▶ WHAT YOU ARE ASKED TO DO
Where the data below contains pictures, omit them; output the rest word for word.
Segment Start: GIVEN DATA
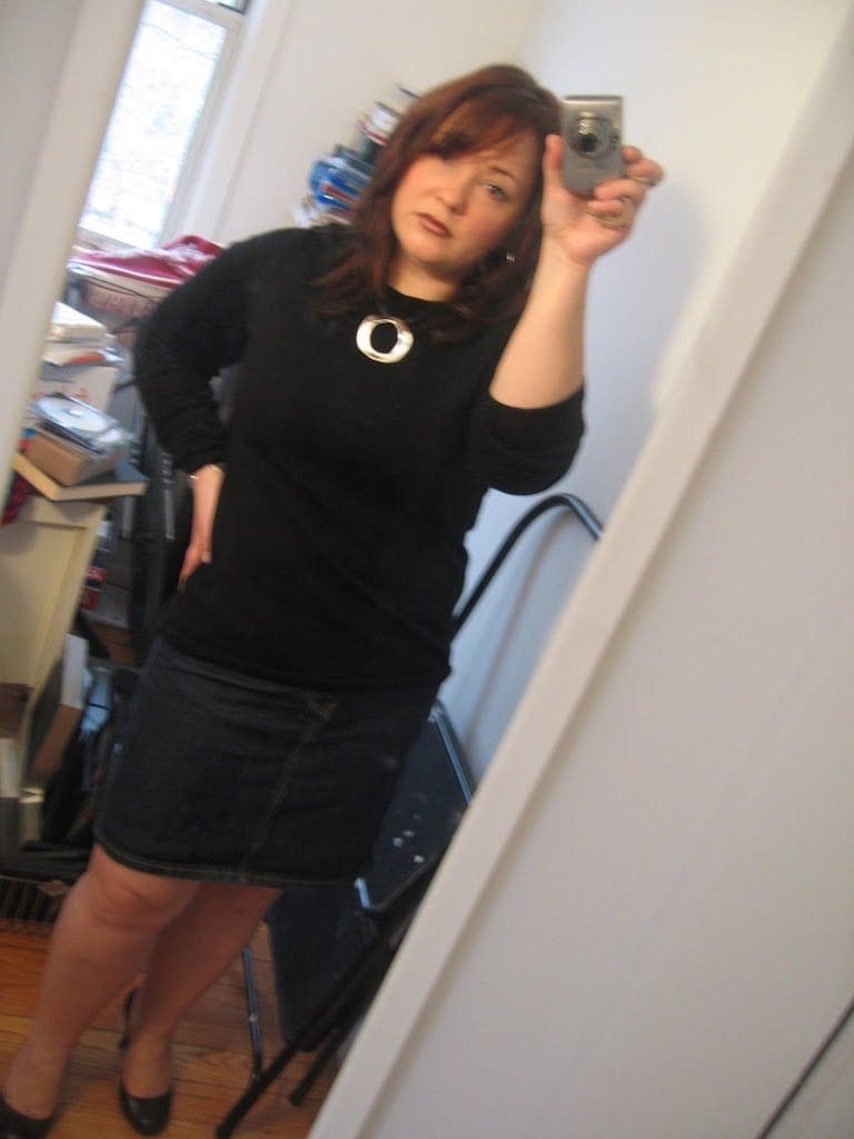 Omigoodness it is COLD today! Saturday we were running around sans coats and today it's in the 20s. Crazy DC weather! I was actually in the mood to wear some color, but the weather made me seek out warm layers and that ended up being more black. I love this skirt because it's a sweater so it's warm, but it's a tad big and rides up. I didn't realize until after these pictures how much it had ridden up, swear that here in the office it's down near my knees. And don't worry folks, my heavy Lands' End parka, hat, scarf, and gloves were waiting for me in my warm car to my left.
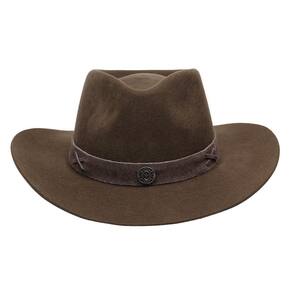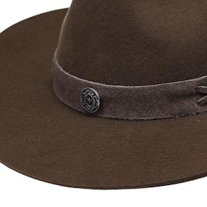 Chapéu Marcatto fabricado em Feltro na cor Marrom, possui aba de 7,5cm e copa social de 11cm, bandinha de material sintético com detalhe em margarida e nó na parte detrás e carneira de elástico.
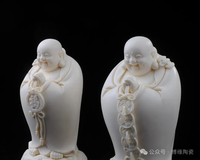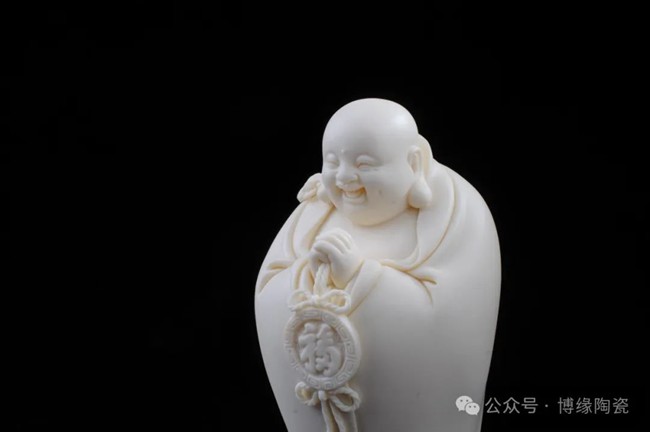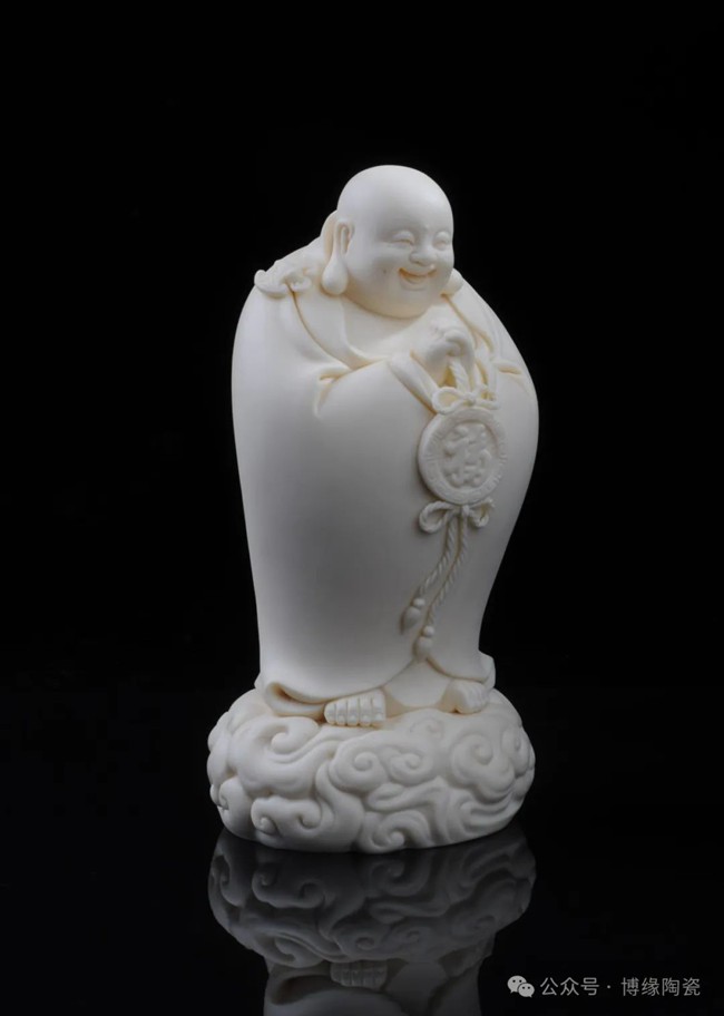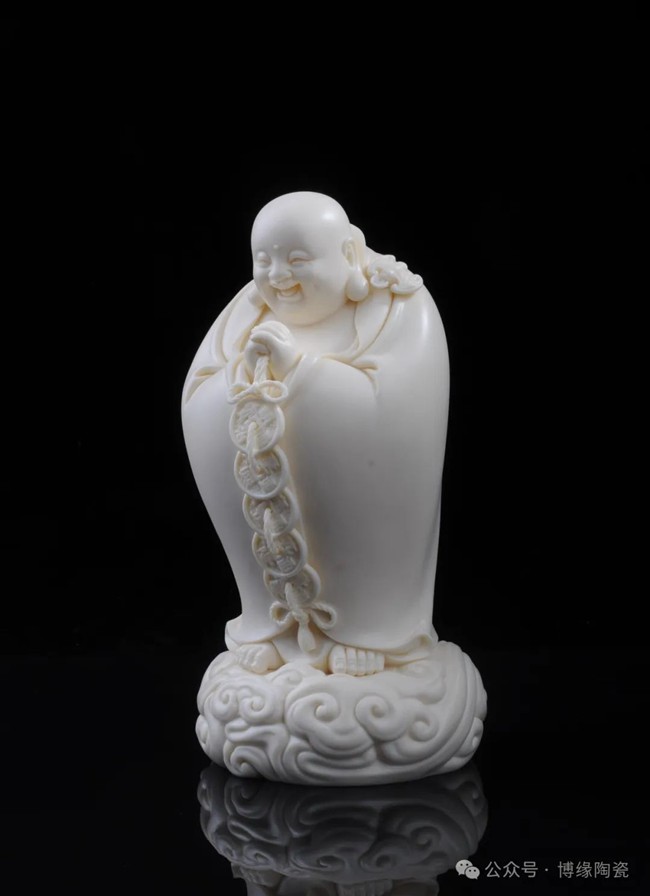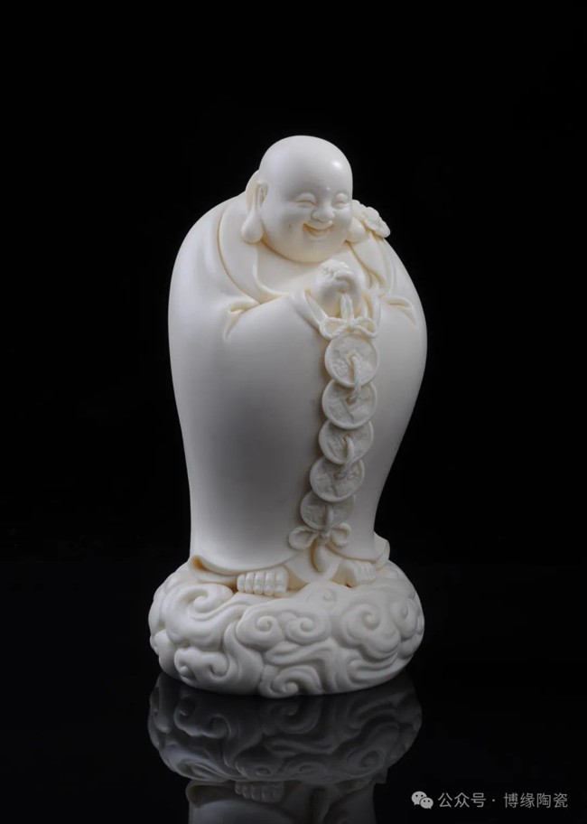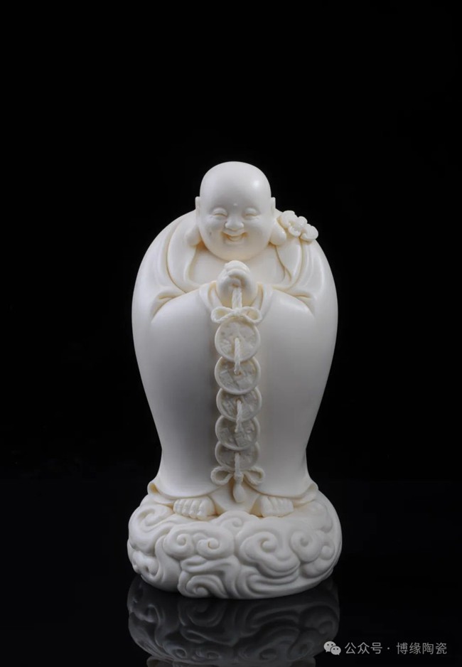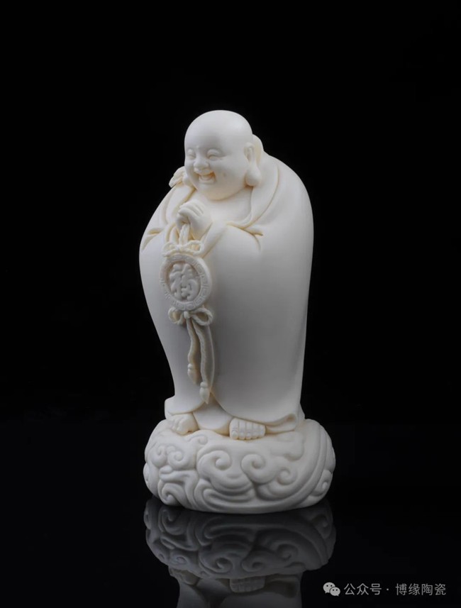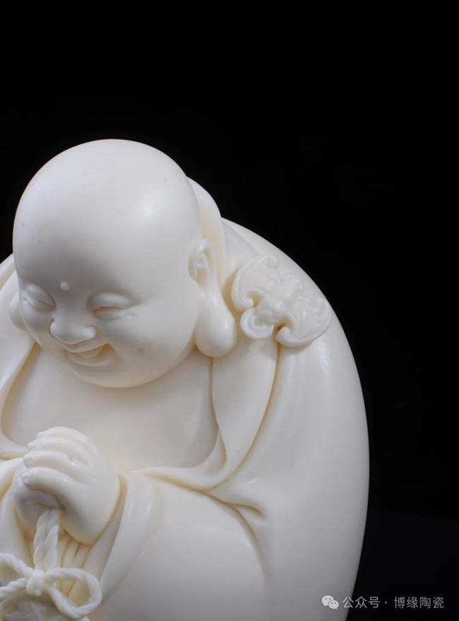 弥勒佛则是德化白瓷佛像里常见题材之一,特别以何朝宗为代表的风格作品,其雕塑注重于细节之美,精益求精,故而十分着意衣纹的刻画,使线条流畅,翻转自然。观其佛像,仿佛有春风拂面,衣袂飘扬的出尘之感。
Segment End: GIVEN DATA
▶ ANSWER AREA
 Omigoodness it is COLD today! Saturday we were running around sans coats and today it's in the 20s. Crazy DC weather! I was actually in the mood to wear some color, but the weather made me seek out warm layers and that ended up being more black. I love this skirt because it's a sweater so it's warm, but it's a tad big and rides up. I didn't realize until after these pictures how much it had ridden up, swear that here in the office it's down near my knees. And don't worry folks, my heavy Lands' End parka, hat, scarf, and gloves were waiting for me in my warm car to my left.
 Chapéu Marcatto fabricado em Feltro na cor Marrom, possui aba de 7,5cm e copa social de 11cm, bandinha de material sintético com detalhe em margarida e nó na parte detrás e carneira de elástico.
 弥勒佛则是德化白瓷佛像里常见题材之一,特别以何朝宗为代表的风格作品,其雕塑注重于细节之美,精益求精,故而十分着意衣纹的刻画,使线条流畅,翻转自然。观其佛像,仿佛有春风拂面,衣袂飘扬的出尘之感。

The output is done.